(Aim of the task) For the records below, copy exactly the span that begins at the line containing "Vihreä lasinen maljakko." and stops after the line containing "Serving glass mein", minus any pictures.

(Source data)
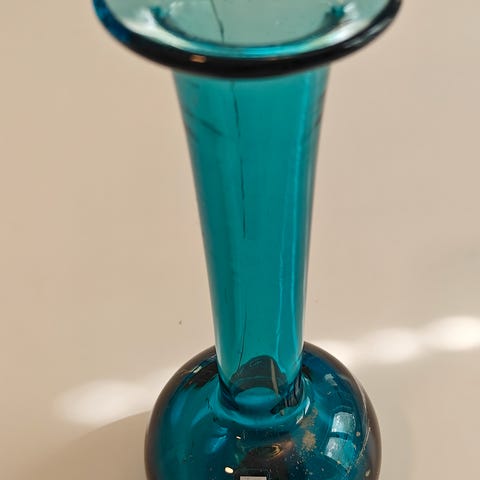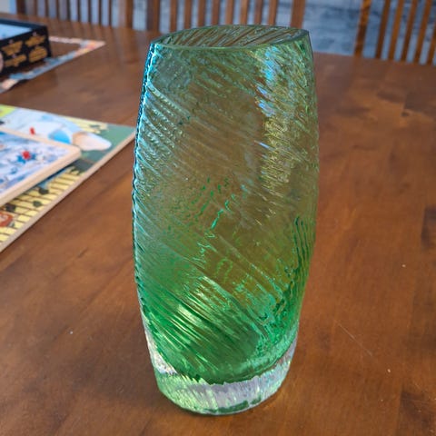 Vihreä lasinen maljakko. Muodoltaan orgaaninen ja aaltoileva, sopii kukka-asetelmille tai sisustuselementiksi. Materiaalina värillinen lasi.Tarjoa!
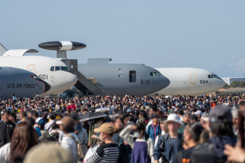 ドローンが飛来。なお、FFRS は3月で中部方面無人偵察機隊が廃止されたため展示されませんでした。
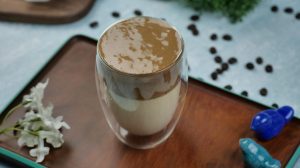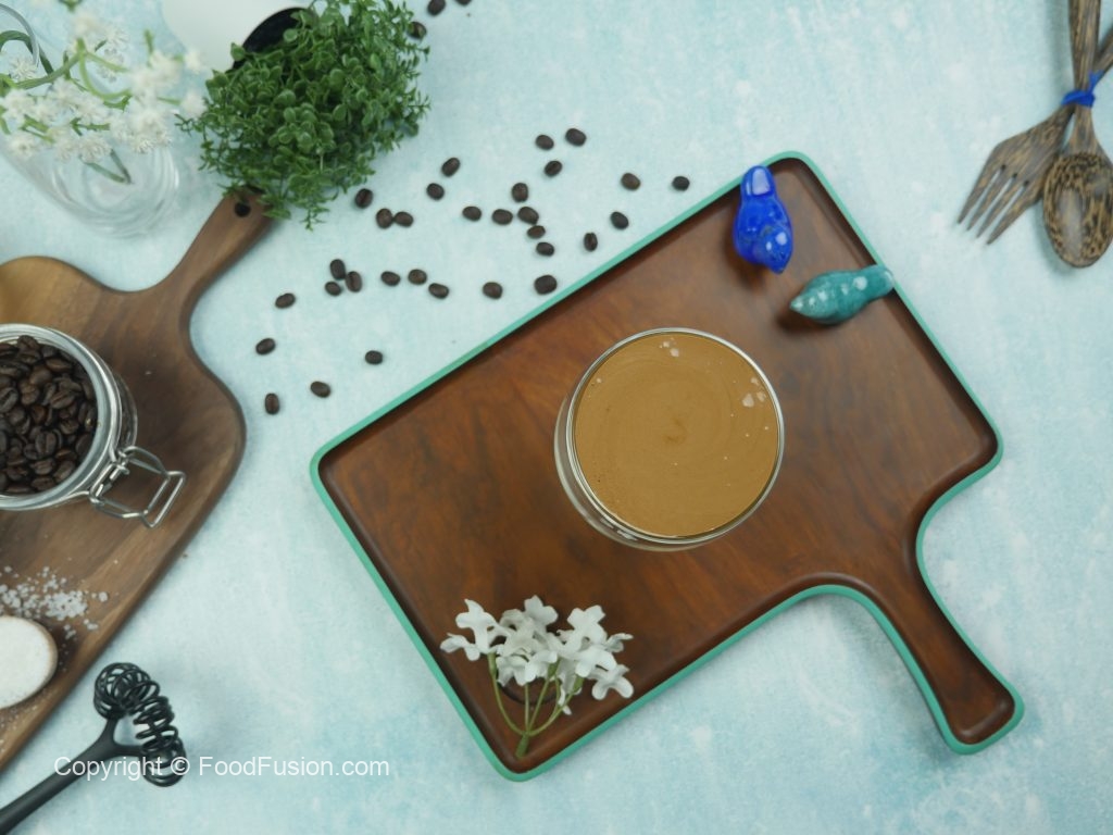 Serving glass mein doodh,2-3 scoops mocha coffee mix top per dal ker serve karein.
---
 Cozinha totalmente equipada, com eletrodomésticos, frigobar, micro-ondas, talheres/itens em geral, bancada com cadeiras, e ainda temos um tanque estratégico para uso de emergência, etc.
...
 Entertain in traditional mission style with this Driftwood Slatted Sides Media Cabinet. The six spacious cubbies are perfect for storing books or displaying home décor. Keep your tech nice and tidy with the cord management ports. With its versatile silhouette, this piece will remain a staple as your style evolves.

(Answer area)
 Vihreä lasinen maljakko. Muodoltaan orgaaninen ja aaltoileva, sopii kukka-asetelmille tai sisustuselementiksi. Materiaalina värillinen lasi.Tarjoa!
 ドローンが飛来。なお、FFRS は3月で中部方面無人偵察機隊が廃止されたため展示されませんでした。
 Serving glass mein doodh,2-3 scoops mocha coffee mix top per dal ker serve karein.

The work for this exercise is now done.